A little while ago I was thinking about this problem and came up with a technique that helps clarify some (but not all) aspects of this problem.

When I design APIs, I like to start from the end result and design backwards. I start with the question of “how do I want to use this?” or “what is the least-intrusive way to make this?”. Good APIs have minimal interfaces that allow clients to quickly solve their problems without unnecessarily burdening them with boilerplate or complicated configuration and control flow.

With this in mind, I came up with Backport.

The definition of Backport is trivial:

public struct Backport<Content> {
    public let content: Content

    public init(_ content: Content) {
        self.content = content
    }
}

At first glance, this doesn’t look very useful; it’s a struct that holds a single value, and it doesn’t do anything. This is by design.
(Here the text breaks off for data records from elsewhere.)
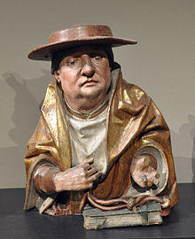 Jerome is often depicted in connection with the vanitas motif, the reflection on the meaninglessness of earthly life and the transient nature of all earthly goods and pursuits. In the 16th century Saint Jerome in his study by Pieter Coecke van Aelst and workshop, the saint is depicted with a skull. Behind him on the wall is pinned an admonition, Cogita Mori ("Think upon death"). Further reminders of the vanitas motif of the passage of time and the imminence of death are the image of the Last Judgment visible in the saint's Bible, the candle and the hourglass.[57]
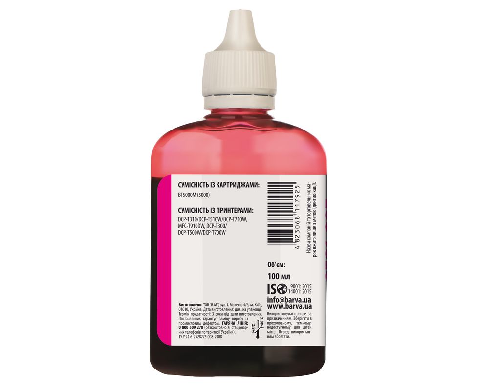 Чернила Brother BT5000M специальные 100 мл, водорастворимые, пурпурные Barva (BBT5000M-745)
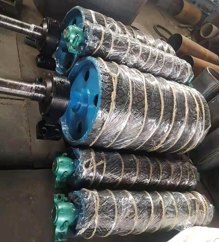 是輸送機傳遞動力的部件,表面有光鋼面,人字形和菱形花紋橡膠覆面。小功率、小帶寬及環境干燥時可采用裸露光鋼面。人字形花紋膠面摩擦系數大,防滑性和排水性好,但有方向性。菱形膠面用于雙向運行的輸送機。
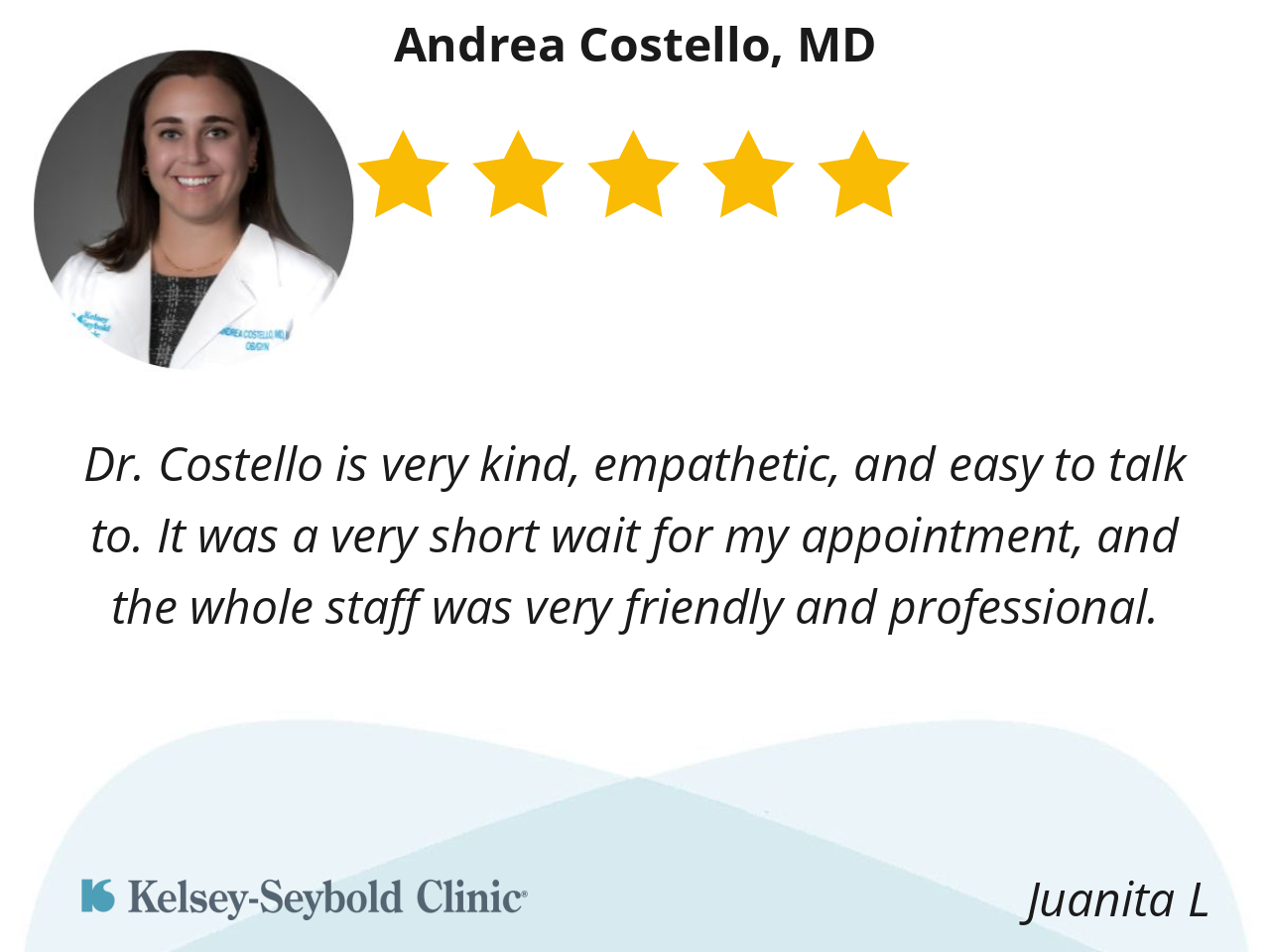 Dr. Costello is very kind, empathetic, and easy to talk to. It was a very short wait for my appointment, and the whole staff was very friendly and professional.
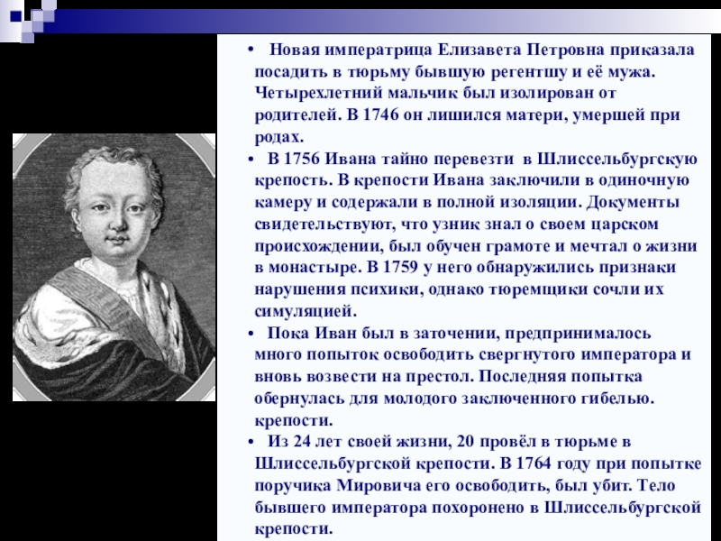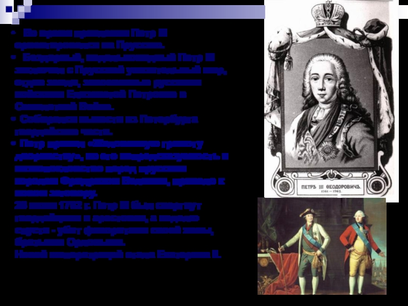 Но Петр был поклонником Пруссии. Елизавета разочаровалась в нем и после рождения Екатериной Павла решила передать престол именно ему.
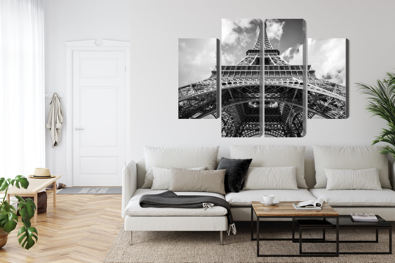 Obraz Wieloczęściowy Paryż Wieża Eiffla Czarno-Biały Widok

Backport exists to serve as a holding space (namespace) for shims: the conditional code we must write in order to do proper availability checking. Let’s look at a specific example for how we can do this.

Backporting Methods

In iOS 15, SwiftUI added some modifiers to describe badges on list rows and tab items:

extension View {
    public func badge(_ count: Int) -> some View
    public func badge(_ label: Text?) -> some View
    public func badge(_ key: LocalizedStringKey?) -> some View
    public func badge<S>(_ label: S?) -> some View where S : StringProtocol
}

These are really useful, but have the downside that, if you’re supporting iOS 14 or earlier, you get a compiler error if you try to use these directly:

someTabView
    .badge(42) // error: 'badge' is only available in iOS 15.0 or newer

This is where Backport can help:

extension View {
    var backport: Backport<Self> { Backport(self) }
}

extension Backport where Content: View {
    @ViewBuilder func badge(_ count: Int) -> some View {
        if #available(iOS 15, *) {
            content.badge(count)
        } else {
            content 
        }
    }
}

Here we’re doing a couple of things:

  1. We’re saying that every View has a .backport property that returns a Backport which holds the view
  2. When a Backport holds a view, it gets this badge(_ count: Int) method.
  3. This method does the check to see if the SwiftUI version of .badge() is available. If it is, it passes the parameter on to the system implementation
  4. If the SwiftUI method is not available, it falls back (“backports”) to some other implementation, which is up to you. In the example above, it simply ignores the parameter and returns the un-modified view.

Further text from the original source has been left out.